Today is the first day that I had stool and diarrhea together. How many ML is each dose? I take 45ml in one dose at night. I had the bowel movement 14 hours later. 2pm.
love bizi

mymorgy 08-06-2022 03:15 AM

i am confused. i am taking four tablespoons in the morning, noon and night.
so far nothing.
today was the worse. the f@cking pharmacy. I got a message saying that they were having insurance problems and working on it. i finally called them a few hours later to find out what was happening. i was told it was worked out. then i called and asked the dosage and immediately forgot if i was told it was 3 or 4 tablespoons. sometimes i do have very short term memory. more or less the f @cking a=hole told me they were very busy and I NEEDED TO GET HELP. you can imagine the rage i felt and didn't express. i also felt some fear. i cursed away when i had my therapy session, later i called walgreens and said i wanted to file a complaint and explained what happened. i might have said the guy should be fired. the woman i spoke with was very empathetic and said they would look into it.
i felt finally the rage dissipate.
i don't have a stomach ache but i feel sick.
i haven't been able to sleep and i am so depressed. the medication doesn't touch it. I so hate being bipolar and aging doesn't help. my kitties are staying away from me. I try to think of Morgy. I loved that dog so much.

mymorgy 08-06-2022 03:24 AM

i made an appointment with my eye doctor for a month away and am having Dorot escort me.

Dmom3005 08-06-2022 01:41 PM

Good idea to make the eye appointment. I can tell you when my
eyes started getting what I thought might be worse so I made
sure to get in. I had gotten a little depressed. SO I think it was
such a great thing I did to get into the eye doctor and get them
taken care of.

Donna:hug::grouphug:

mymorgy 08-06-2022 01:47 PM

i can still read books without glasses. could you?

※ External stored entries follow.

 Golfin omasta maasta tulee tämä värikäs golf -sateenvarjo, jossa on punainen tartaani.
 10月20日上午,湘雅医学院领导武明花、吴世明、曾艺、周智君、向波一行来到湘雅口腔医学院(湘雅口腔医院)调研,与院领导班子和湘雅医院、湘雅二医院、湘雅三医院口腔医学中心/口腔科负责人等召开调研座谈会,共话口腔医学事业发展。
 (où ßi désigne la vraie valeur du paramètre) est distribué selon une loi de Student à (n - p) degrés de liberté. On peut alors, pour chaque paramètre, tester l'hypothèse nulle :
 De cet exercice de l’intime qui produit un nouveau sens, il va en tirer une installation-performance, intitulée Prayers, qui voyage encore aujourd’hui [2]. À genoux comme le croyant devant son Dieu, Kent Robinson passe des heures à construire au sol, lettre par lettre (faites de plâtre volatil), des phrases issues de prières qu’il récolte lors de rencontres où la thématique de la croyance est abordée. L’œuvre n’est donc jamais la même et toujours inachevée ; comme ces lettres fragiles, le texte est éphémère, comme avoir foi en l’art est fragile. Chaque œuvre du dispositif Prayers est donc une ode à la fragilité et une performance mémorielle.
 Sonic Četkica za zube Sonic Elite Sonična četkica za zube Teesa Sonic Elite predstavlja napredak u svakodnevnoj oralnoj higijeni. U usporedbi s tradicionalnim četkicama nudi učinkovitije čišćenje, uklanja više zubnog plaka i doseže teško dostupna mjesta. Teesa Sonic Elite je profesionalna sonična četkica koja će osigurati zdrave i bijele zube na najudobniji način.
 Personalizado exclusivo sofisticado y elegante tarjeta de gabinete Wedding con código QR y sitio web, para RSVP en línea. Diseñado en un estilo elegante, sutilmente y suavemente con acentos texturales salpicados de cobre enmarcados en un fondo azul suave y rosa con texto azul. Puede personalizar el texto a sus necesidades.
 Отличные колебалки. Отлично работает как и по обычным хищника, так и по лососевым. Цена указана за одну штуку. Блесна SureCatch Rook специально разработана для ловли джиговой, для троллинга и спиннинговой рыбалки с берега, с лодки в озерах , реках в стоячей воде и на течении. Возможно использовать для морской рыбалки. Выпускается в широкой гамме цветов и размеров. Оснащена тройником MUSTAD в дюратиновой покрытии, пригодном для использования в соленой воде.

mymorgy 08-07-2022 08:32 AM

finally the laxative worked. i always think the worse. I was beginning to think i would have to have my colon removed.i was in so much pain all day yesterday and in the evening. have thought of that before.
This morning after a restless sleep i woke up wishing I were dead.
now i have to drink about 8 ounces of water a day 8 times.. it is going to really be hard because i am so undisciplined. it supposed really help constipation.
i am going to make a concerted effort not to buy any more clothes or shoes. i have been so out of control.
i have so many books on my bed. i am reading 8 again. one is the good emperors of rome. i never studied rome in college past the augustan age.
i am only going to now have one book at a time on my bed. i just started a new book by amelia grey. she is great.
I am hoping this morning wasn't a one day wonder.
i am glad i filed a complaint about the pharmacist. what a f@CKING A-HOLE
aby cuddled with me this morning. for the past few days she loves being in a cardboard box.
oh well- praying that the laxative will continue to work..
yesterday i received another free box from chewy. it had dog food which i will give robert and aby's favorite treats that cost about 30 dollars. i called and they said keep them or donate them.
i had a wonderful volunteer very early in the morning and listened and then gave me a relaxation exercise. i will use it.

bizi 08-07-2022 12:57 PM

I am glad that you went formed?or loose? or diarrhea?
how are the stomach pains?
sorry about you have anxiety.....
love you,
bizi

mymorgy 08-07-2022 01:17 PM

no stomach pains but gas. just ordered something else for gas. i wonder when i will go again. i was so tempted to take a bottle of magnesium citrate liquid or two. i am starting to drink more liquid. how much do you drink?
love you,
bobby

mymorgy 08-07-2022 01:20 PM

Eases bowel movement and relieves constipation: Indeed moong dal for digestion is not a myth! Sprouted green grams are a good remedy for easing the smooth flow of bowel movements. It is also recommended as a good natural remedy to relieve constipation in children and adults.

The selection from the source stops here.